Thanks, folks. I'll try Academy. Have one nearby.


----------



## usmcpararigger (Jul 23, 2013)

Dicks sporting goods also have them on an end rack along with all of docksides jig heads. They had the red tag clearance tag on them but I noticed they were the same price at academy.


----------



## halo1 (Oct 4, 2007)

SWAngler said:


> Pull through water near boat and note speed the tail starts to flutter. Some are duds, and if so try cutting some of the top off to shorten and try again. Swim it at that speed barely over, or in grass tops. Should feel grass tugging here and there. If getting hits but no hook-ups, rip through a couple times to tease, then normal retrieve.
> 
> Fishing along grass lines, rocks, deep water, work on bottom with twitches. Twitch hard enough for the tail to flutter. Occasionally start reeling in normal, then let fall back to bottom. Basically...just mix it up. Helps with a slow retrieve to put pro gel in a slit you can cut on bottom, or top.
> 
> Good luck.


Thanks for the info!

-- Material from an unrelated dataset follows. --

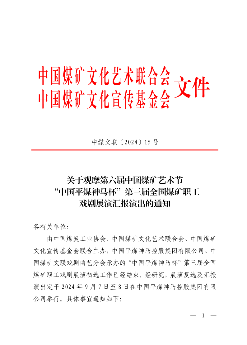 關(guān)于觀摩第六屆中國煤礦藝術(shù)節(jié)“中國平煤神馬杯”第三屆全國煤礦職工戲劇展演匯報演出的通知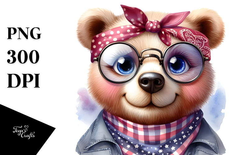 Similar Design Products to Watercolor Bear Big Eyes with Bandana Clipart

I'll be trying this hopefully this week


----------



## Capt Jonathan (Feb 11, 2014)

*Videos fishing florida with Matrix to Help Show how to use them*


----------



## Jet fishin (May 5, 2012)

John B. said:


> Wtf is a matrix shad?



They are a soft plastic bait that has a very unique tail movement kind of like the Mexican girl I dated in high school.

On a side note nice to see Mr. LIMIT Out back after his brief departure.
We missed you.


----------